Calculation of compound interest can be achieved in Excel through FV functions or manual formulas. 1. Prepare the data structure, including principal, annual interest rate, compound interest frequency and time; 2. Use the FV function, enter the interest rate for each period (annual interest rate ÷ compound interest times), the total number of periods (years × compound interest times), the amount of payment per period is 0, the present value is the principal and add a negative sign; 3. Manually write the multiplication formula: principal × (1 interest rate)^ years, which is applicable to compound interest by year; 4. If compound interest is compounded by month, then divide the annual interest rate by 12, and multiply by 12, the formula becomes principal × (1 annual interest rate/12)^ (years × 12), thereby increasing the final return.
Calculating compound interest is actually quite simple in Excel. The key is to figure out how to use the formula. Compound interest is not like single interest only counting the interest on the principal. It will also add the interest generated before and continue to generate interest, so the profit will significantly increase in the long run. In Excel, we can use a basic formula to quickly calculate the results.

Basic formula: FV = P × (1 r)^n
- P is the principal
- r is the interest rate per issue (such as annual interest rate or monthly interest rate)
- n is the total number of periods (such as years or months)
Just fill in these parameters into the Excel cell and enter the formula to automatically calculate it.

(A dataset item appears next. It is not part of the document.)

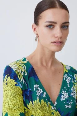 Karen Millen Petite Floral Belted Viscose Blend Jersey Skater Dress

1. Prepare the data structure
First think about what compound interest situation you are calculating, such as compound interest by year, monthly or quarterly. Then set a few columns in Excel:
- Principal
- Annual Rate
- Compound interest frequency (such as once a year, 4 times a quarter, etc.)
- Time (years)
For example:

principal | Annual interest rate | Compound interest times per year | Years |
---|---|---|---|
10000 | 5% | 1 | 5 |
After sorting it out, you can apply the formula next.
2. Use FV function to calculate directly
Excel has a ready-made financial function FV()
, which is specially used to calculate future value, including compound interest. Its basic writing is:
=FV(rate, nper, pmt, [pv], [type])
The parameters we mainly use are:
-
rate
: interest rate per issue (annual interest rate ÷ compound interest times) -
nper
: Total number of periods (years × compound interest times) -
pmt
: The amount paid for each period is, if you don’t add money, fill in 0 -
pv
: the present value, that is, the principal, and the negative sign is added before it to indicate expenditure
So if the above example is to be calculated, the formula is:
=FV(5%/1, 5*1, 0, -10000)
This will result in the total amount of principal and interest in five years.
3. Manual multiplication formula can be done
If you don't want to use FV functions, you can also use the most primitive method:
= principal*(1 interest rate)^ years
For example, the above example can be written as:
=10000*(1 5%)^5
This method is suitable for compound interest once a year, and it is more intuitive to operate, but it is slightly less flexible.
4. What should I do if I have monthly compound interest?
What many people are prone to mistake is the "compound interest cycle". For example, if the annual interest rate is also 5%, if it is compounded on a monthly basis, then the annual interest rate must be divided by 12 and the number of years is multiplied by 12.
So the formula becomes:
=FV(5%/12, 5*12, 0, -10000)
Or write manually:
=10000*(1 5%/12)^(5*12)
At this time, you will find that the final amount is a little higher than the compound interest per year, which is the impact of the compound interest frequency.
Basically that's it. Excel does not require too complicated steps to calculate compound interest. Just match the parameters and formulas to get the results quickly. Different compound interest methods will affect the final profit, so when using it, don’t forget to adjust the parameters in the formula according to the actual situation.